本紙閉刊に伴いこのコラムも今回で最後となります。平成10年9月から19年間、筆が進まない時もありましたが、締め切りを遅らせることもなく、また大きなトラブルもなく終えることにある意味安堵しております。ただその中で一度だけで校正まで終えながら書き直したことがありました。それはあの「日歯連事件」と称された事件が勃発した時でした。
あの時は一人の開業医でしかない私が、社会事件になるほどの大事件に対して実名で書くことに躊躇しましたが、事件に対していろいろな観点から憤りを感じ、もし問題となれば歯科医師を辞める覚悟をもって書きました。この事件によって日本の歯科界に大きな変化があったことは多くの先生方が感じられたことです。今思えばその内容は別として、あの時書き綴っておいたことが、その後連載を続けられた源になっていたかもしれません。
然るに風化しつつあるあの事件の本質は何だったのか。
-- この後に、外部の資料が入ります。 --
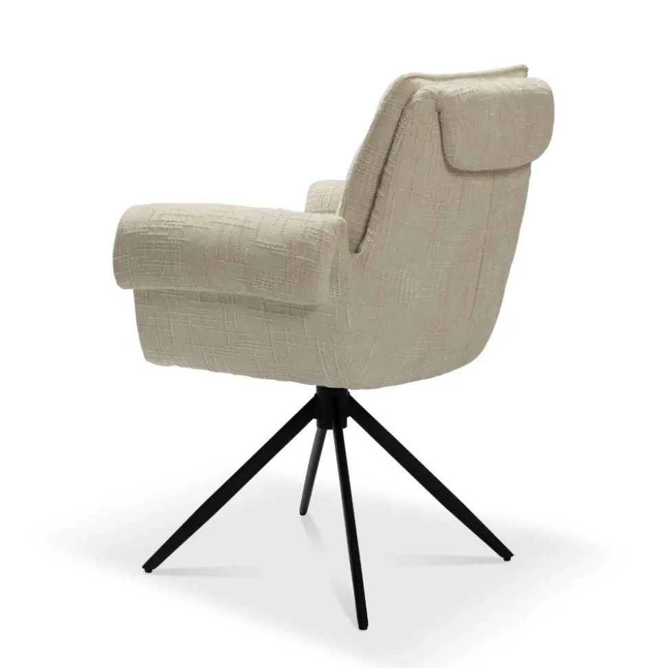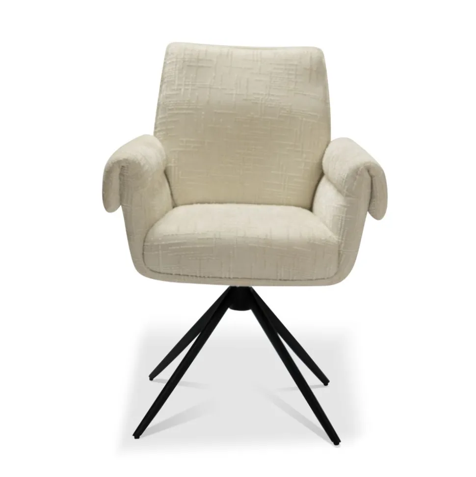 Eetkamerstoel Caro is een comfortabele stoel met een stijlvolle en luxe uitstraling. De stoel is bekleed met een luxe die zorgt voor een warme look en prettig zitcomfort aan de eettafel. De armleuningen geven de stoel een herkenbare en eigen uitstraling en bieden extra comfort tijdens het zitten. Het zwarte onderstel kan 360 graden draaien, waardoor je makkelijk aanschuift en opstaat zonder de stoel te hoeven verplaatsen.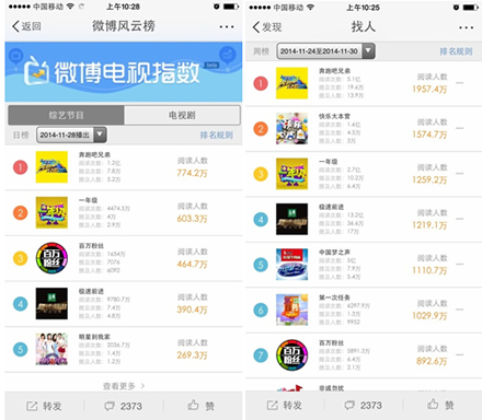 为了使电视台、广告主更好的衡量电视节目在微博上的热度,在继今年7月微博和CSM推出微博电视指数beta版后,微博电视指数全新改版,新版微博电视指数在体现节目播出时段热度的日榜基础上,新推出了周榜。周榜从每周一0:00时起,至每周日24:00时,把本周内播出的综艺节目按照阅读人数和次数、提及人数和次数四个维度进行统计,从而得出本周综艺节目的热度。

その手法に対しては司法判断が下った結果が示されていますが、事件の根本には、現在も続く歯科医療に対する公的評価の低さを何とか打開しようと考え方がありました。この点を誰もが分かっているのに言葉に出ていません。但し結果的には中医協委員が1名減員、事件後の懲罰的な18年度改定となり、歯科界の思いとは反対の流れを作ってしまいました。特に改定では、それまでの改定時で、技術料を引き下げながら作った僅かな財源を「かかりつけ歯科医」初再診料に振り分けながらも、「かかりつけ歯科医」を一気に消し去られたことによって、保険点数全体が縮小したと共に、時代の流れである「かかりつけ歯科医」という名称、概念をも否定されることになってしまいました。そして事件によって植え付けられた歯科界の負のイメージは現在も引きずっています。
日本の歯科界は今、大きな分岐点に差し掛かかり、新しい息吹が入る機運も高まっています。但し、この負のイメージを引きずったままでは大きな壁が存在します。あの事件は終わったのでなく、まだ背負っており、それを回顧することで歯科界の課題を改めて見出すことが必要です。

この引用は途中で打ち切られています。